The rate of a certain reaction is given by the following rate law:
rate=k[N2]^3[O3]
Use this information to answer the question below.
At a certain concentration of N2 and O3, the initial rate of reaction is 0.780 M / s. What would the initial rate of the reaction be if the concentration of N2 were halved? Round your answer to significant digits.
If the rate law is given by rate = k[N2]^3[O3], we can assume that the rate constant k and the concentration of O3 are constant.
If the concentration of N2 is halved, it means that [N2] becomes half of its initial concentration. Let's call the initial concentration of N2 as [N2]1 and the halved concentration as [N2]2 = [N2]1 / 2.
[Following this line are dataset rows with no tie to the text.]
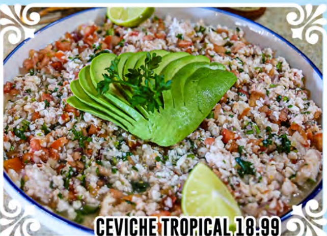
CEVICHE TROPICAL 18.99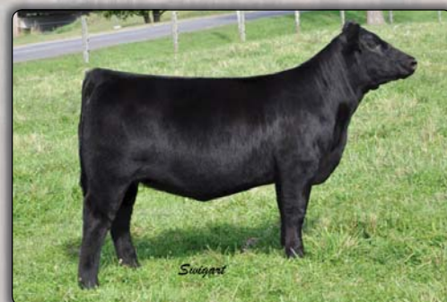
Dameron Royal Queen 418 Dam of Lot 42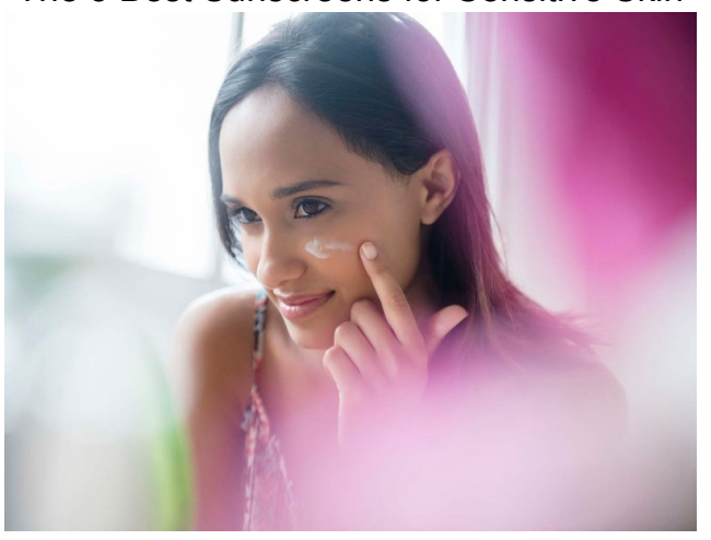
These SPF formulas are gentle enough for even the most sensitive skin types. KATHLEEN MULPETER | April 02, 2018

You diligently slather on SPF to protect yourself from dangerous UV exposure that can lead to skin cancer, as well as prevent dark spots and other signs of aging. So, for those with sensitive skin in particular, it's frustrating when sunscreen has the opposite effect, triggering irritation or redness rather than protecting and improving your complexion.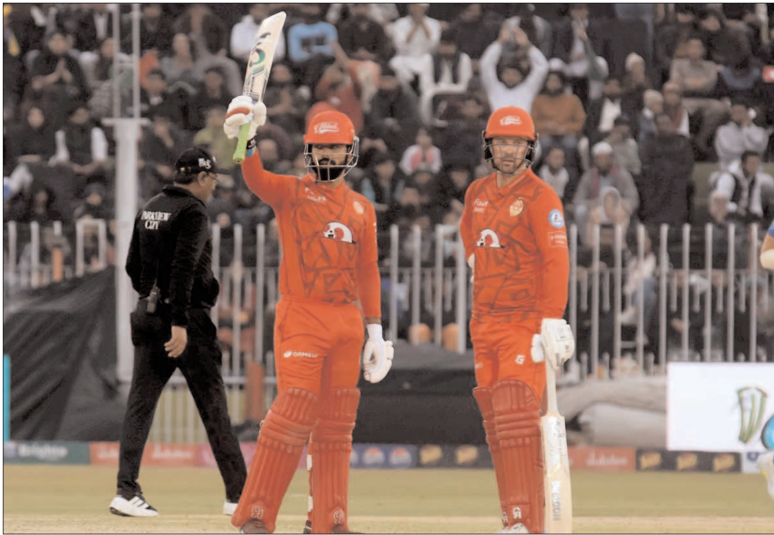
RAWALPINDI: Islamabad United batter Shadab Khan celebrates after scoring a (50 runs) during the Pakistan Super League (PSL 9) Twenty20 cricket match.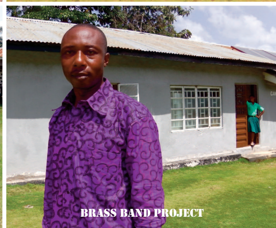
BRASS BAND PROJECT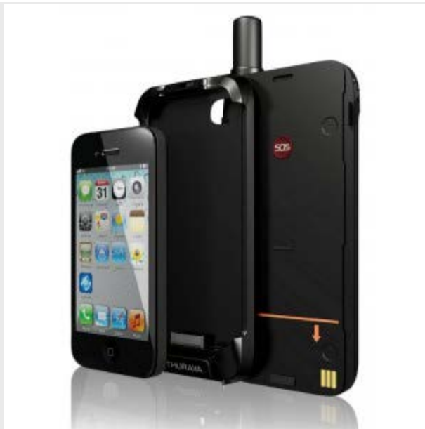
Thuraya SatSleeve iPhone 4/4S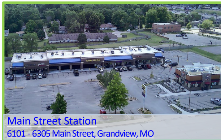
Main Street Station 6101 - 6305 Main Street, Grandview, MO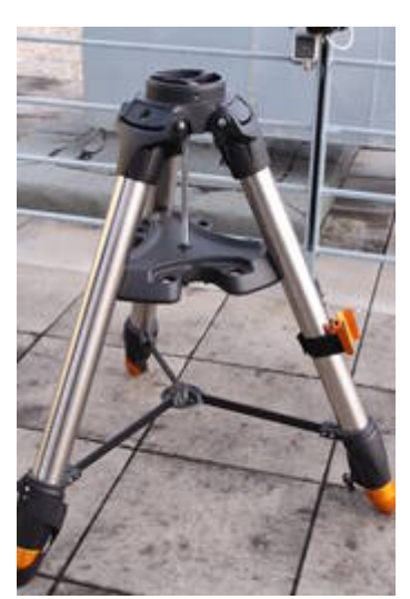
Fig. 1: CGE PRO tripod

Using the rate law, we can compare the initial rates of the reaction:
rate1 = k[N2]1^3[O3]
rate2 = k[N2]2^3[O3]
Substituting [N2]2 = [N2]1 / 2 into rate2:
rate2 = k([N2]1 / 2)^3[O3]
= (k[N2]1^3[O3]) / 8
Since the concentration of O3 and k are constant, we can see that rate2 is 1/8 of rate1.
Therefore, if the concentration of N2 is halved, the initial rate of the reaction would be 0.780 M/s / 8 = 0.098 M/s.